Holiday lights brighten the season in Obetz area

By Linda Dillman
Staff Writer

Messenger photos by Linda Dillman
Obetz employee Brian Martaney spent time outdoors working on a little lighted magic in preparation for the Village’s holiday celebration.
An 1870s era former Lutheran church along Groveport Road, purchased by Obetz in 2018, is outlined in lighted holiday splendor as it greets visitors on their way to the heart of the village.
An Obetz icon, the village’s gazebo is dressed up for the holidays in greenery and white lights.
One need not go far for a mesmerizing light show with a multi-story tree in downtown Obetz that flashes through sequences of patterns.
Simple strands of red, green and white lights outline a house on Belford Avenue in Hamilton Meadows giving it a gingerbread-like look.
A pulsating archway of LED lights frame the exit to Obetz’s first annual light display that winds its way near and through the Fortress Obetz parking lot.
A flock of flying reindeer lead the way to a video of Santa and his elves in their North Pole workshop.

Years ago, long before roof-topping inflatables that wobble in the wind and look like road kill when electricity is cut to their power sources, there was the single strand of Christmas lights.

A single strand to brighten the darkness around Christmas time. A single strand to show your neighbors you had the holiday spirit. A single strand that served as beacon to let you know you were close to home.

Sometimes, if your family was fancy, a single strand of lights became multiple strands of lights that outlined a house in a rainbow of blue, yellow, red, green and sometimes purple.

Our house was a little different. My daddy splurged one year and bought a strand of red bells hooked to red lights that twinkled on and off above our front door and window.

I thought it was magical…that single strand of bells. It was the only Christmas decoration on the front of our little 1960s-era ranch house for many years.

Just before Christmas, I would sit in wide-eyed amazement when my daddy, mother and I would hop in the car and drive around our housing development looking at the lights of other like-minded families.

Some streets were illuminated brightly and it was usually the same houses year after year. Many had tall plastic—what would later be called kitschy—Santas and snowmen plugged into a spider web of electrical cords.

Other than the soft glow of a Christmas tree in the window, on other streets, a forlorn streetlight was the only break in the darkness.

Today, lights are everywhere and in forms unimaginable to my six-year-old self. Illumination has ventured out from the façade of homes to the yard and even onto vehicles of every imaginable size and shape.

Today, that single strand of lights, even where I grew up, has morphed into light-up the night displays you can see from the next street over.
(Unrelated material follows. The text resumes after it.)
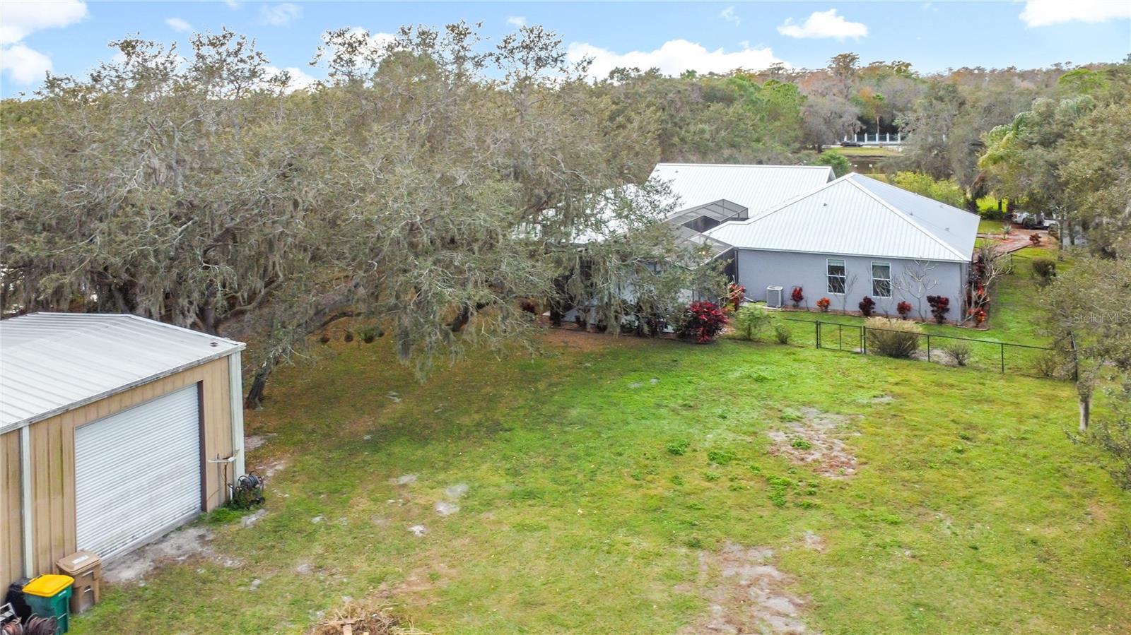 Tucked away in a peaceful country setting on 2.44 acres, this truly unique courtyard-style home offers privacy, flexibility, and exceptional indoor–outdoor living—with plenty of room to live the lifestyle you’ve been dreaming of. This 4-bedroom, 3.5-bath residence is thoughtfully designed around a large, screen-enclosed saltwater pool and spa courtyard, creating seamless flow between indoor and outdoor spaces with multiple access points. NEW METAL ROOF, 2025. 40X30 RED IRON BUILDING WITH ELECTRIC, WATER & 4 ROLL UP DOORS. A striking wood and iron Old World–style front door welcomes you into formal living and dining areas accented by bamboo hardwood flooring and stone feature walls. The private primary wing features wood floors, a spacious walk-in closet, and a spa-inspired ensuite bath with French doors, slate walk-in shower, soaking tub, dual sinks, quartz countertops, and updated cabinetry and fixtures. French doors from the primary suite lead directly to the pool and spa courtyard. Also located on this wing is a large concrete-poured hurricane safe room, ideal for a private office, flex space, or potential 5th bedroom. On the opposite side of the home, the chef’s kitchen is equipped with commercial-grade stainless appliances including a gas range with pot filler, oversized refrigerator, built-in oven and microwave, dishwasher, disposal, and a wine refrigerator built into the custom island. Quartz countertops, tiled backsplash, decorative lighting, a breakfast bar overlooking the family room, separate dinette, and a dedicated laundry room complete the space. Three additional guest bedrooms offer generous closets and flexibility for family, guests, or home office use. Outside, the 2.44-acre property provides endless possibilities—ample space for horses, goats, chickens, gardens, and more, along with plenty of room to park boats, RVs, trailers, and recreational toys. The land is fully irrigated and features a spring-fed pond, a garden with drip irrigation, and an additional irrigation well. Additional highlights include: • All-new metal roof (2025) • 40x30 insulated red iron building with four roll-up doors, electric, and water • Saltwater pool and spa with outdoor shower • Two storage rooms off the courtyard • New water softener • New pool pump • Septic system A rare opportunity to own a versatile country estate offering space, privacy, and exceptional amenities—this property truly must be seen to be appreciated.

In Obetz, a small village when I was a kid, there are detailed light displays of holiday icons like Santa, gifts and animals lining the driveway leading up to the 8,000-seat Fortress Obetz complex. Workers like Brian Martenay cover trees and shrubs throughout Obetz’s municipal complex with bright lights while a massive, illuminated archway baths cars driving beneath it with holiday brightness as twilight approaches.

Standing proudly in a nearby park, a multi-story tree greets visitors with thousands upon thousands of twinkling lights as houses outlined in colorful bulbs bid vehicles to slow down and take a look.

My beloved Hamilton Meadows still hosts homes outfitted in rainbow strands of lights, animated woodland creatures clearly outlined against the background of the night and myriad lighted plastic characters.

And, yes, I drive through the entire development every year at least a couple of times looking at the lights.

But my favorite? A small bungalow on Belford Avenue that is simply outlined in red and green lights. Nothing fancy, but a classic in its simplicity that jettisons me back in time.

Merry Christmas everyone and keep your own lights shining, whether it is a cascade of Griswold-worthy illumination or a simple strand leading you home.